Mandy Ingber (born January 11th, 1968 ), sometimes credited as Amanda Ingber, is a yoga instructor and a former actress. Before yoga, Ingber became an indoor cycling instructor at the age of 28. In her childhood, she was introduced to yoga by her father in 1975. As a yoga instructor, she has produced instructional training DVDs such as Yogalosophy.

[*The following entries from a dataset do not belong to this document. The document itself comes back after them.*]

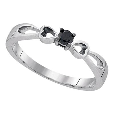 STERLING SILVER ROUND BLACK DIAMOND SOLITAIRE PROMISE BRIDAL RING 1/10 CTTW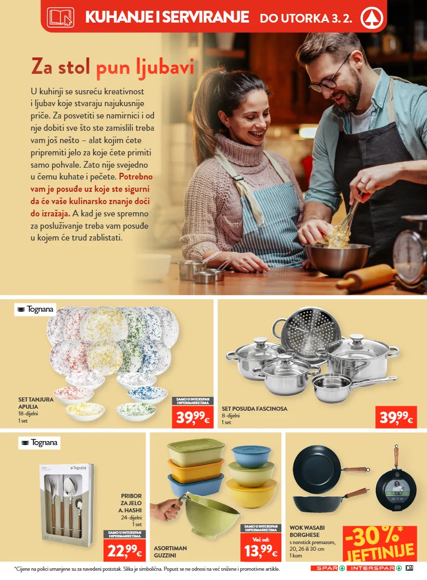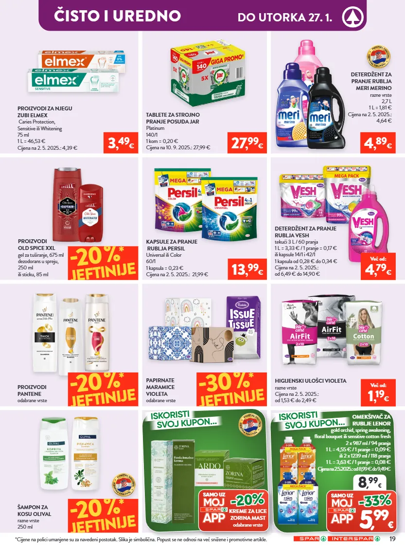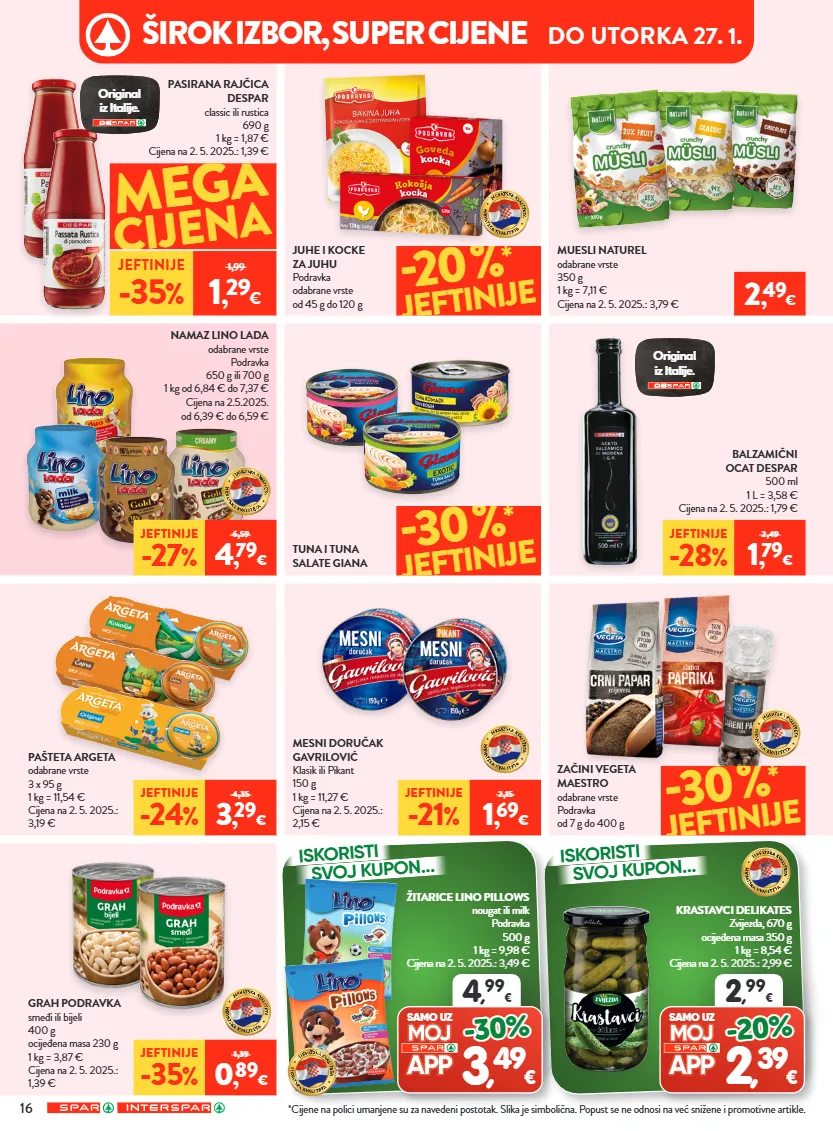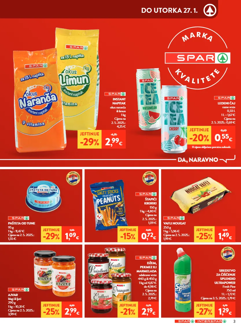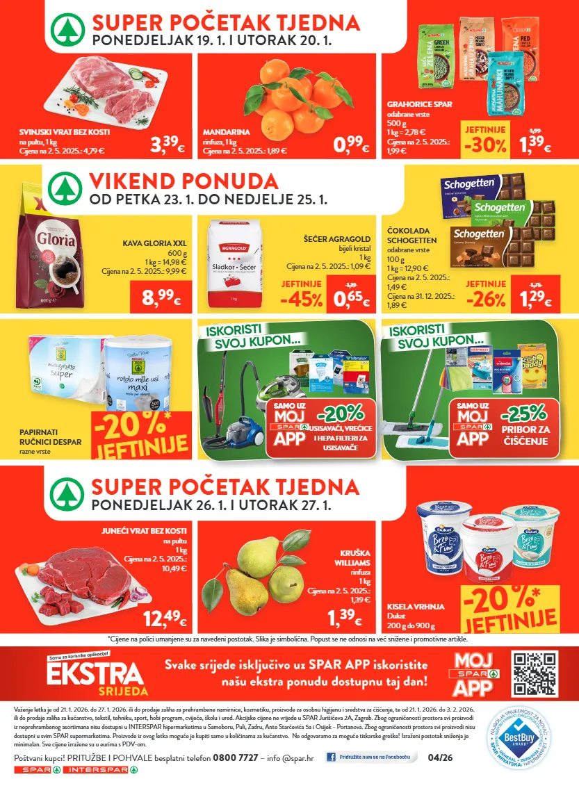 važenje letka je od 21. 1. 2026. do 27. 1. 2026. ili do prodaje zaliha za prehrambene namirnice, kozmetiku, proizvode za osobnu higijenu i sredstva za čišćenje, te od 21. 1. 2026. do 3. 2. 2026. ili do prodaje zaliha za kućanstvo, tekstil, tehniku, sport, hobi program, cvijeće, školu i ured. akcijske cijene ne vrijede u spar jurišićeva 2a, zagreb. zbog ograničenosti prostora svi proizvodi iz neprehrambenog asortimana nisu dostupni u interspar hipermarketima u samoboru, puli, zadru, ante starčevića 5a i osijek - portanova. zbog ograničenosti prostora svi proizvodi nisu dostupni u svim spar supermarketima. proizvode iz ovog letka moguće je kupiti samo u količinama za kućanstvo. ne odgovaramo za moguće tiskarske greške! izraženi postotak sniženja je minimalan. sve cijene izražene su u eurima s pdv-om. poštvani kupci! pritužbe i pohvale besplatni telefon 0800 7727 – info @spar.hr super početak tjedna ponedjeljak 19. 1. i utorak 20. 1. 04/26 šećer agragold bijeli kristal 1 kg cijena na 2. 5. 2025.: 1,09 € 8 , 99 € 1 , 39 € super početak tjedna ponedjeljak 26. 1. i utorak 27. 1. jeftinije -45 % 1,19 0 , 65 € grahorice spar odabrane vrste 500 g 1 kg = 2,78 € cijena na 2. 5. 2025.: 1,99 € jeftinije -30 % 1,99 1 , 39 € svinjski vrat bez kosti na pultu, 1 kg cijena na 2. 5. 2025.: 4,79 € mandarina rinfuza, 1 kg cijena na 2. 5. 2025.: 1,89 € 0 , 99 € 3 , 39 € *cijene na polici umanjene su za navedeni postotak. slika je simbolična. popust se ne odnosi na već snižene i promotivne artikle. čokolada schogetten odabrane vrste 100 g 1 kg = 12,90 € cijena na 2. 5. 2025.: 1,49 € cijena na 31. 12. 2025.: 1,89 € jeftinije -26 % 1,75 1 , 29 € iskoristi svoj kupon... iskoristi svoj kupon... vikend ponuda od petka 23. 1. do nedjelje 25. 1. juneći vrat bez kosti na pultu 1 kg cijena na 2. 5. 2025.: 10,49 € 12 , 49 € kava gloria xxl 600 g 1 kg = 14,98 € cijena na 2. 5. 2025.: 9,99 € papirnati ručnici despar razne vrste kisela vrhnja dukat 200 g do 900 g kruška williams rinfuza 1 kg cijena na 2. 5. 2025.: 1,39 € -20 % * jeftinije samo uz -25% -25% pribor za čišćenje samo uz -20% -20% usisavači, vrećice i hepa filteri za usisavače -20 % * jeftinije
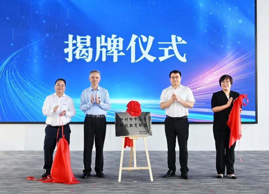 活动现场,北京理工大学教授、电动车辆国家工程研究中心首席科学家孙逢春,柳州市副市长汤振国,柳工集团董事长郑津,柳州市教育局副局长(主持工作)龙玫共同为联盟揭牌。首批“柳州市中小学科技教育实践基地” 分别落地柳工集团和北京理工大学,未来将为全市中小学生打开“走进智能工厂、对话顶尖高校”的实践窗口。

She is a New York Times best selling author, having written Yogalosophy: 28 Days to the Ultimate Mind-Body Makeover and Yogalosophy for Inner Strength.  Ingber has taught yoga to celebrities such as Jennifer Aniston, Ricki Lake, Brooke Shields, Woody Harrelson and Helen Hunt.

Acting career 
Ingber began her career as an actress in the original company of Neil Simon's Tony-award winning play Brighton Beach Memoirs and has played roles in television series, including being Annie Tortelli, girlfriend of the eldest son of Carla, on the television sitcom Cheers and its short-lived spin-off The Tortellis. She also played Robin, Baby's cousin, in the 1988 television series adaptation of the film Dirty Dancing.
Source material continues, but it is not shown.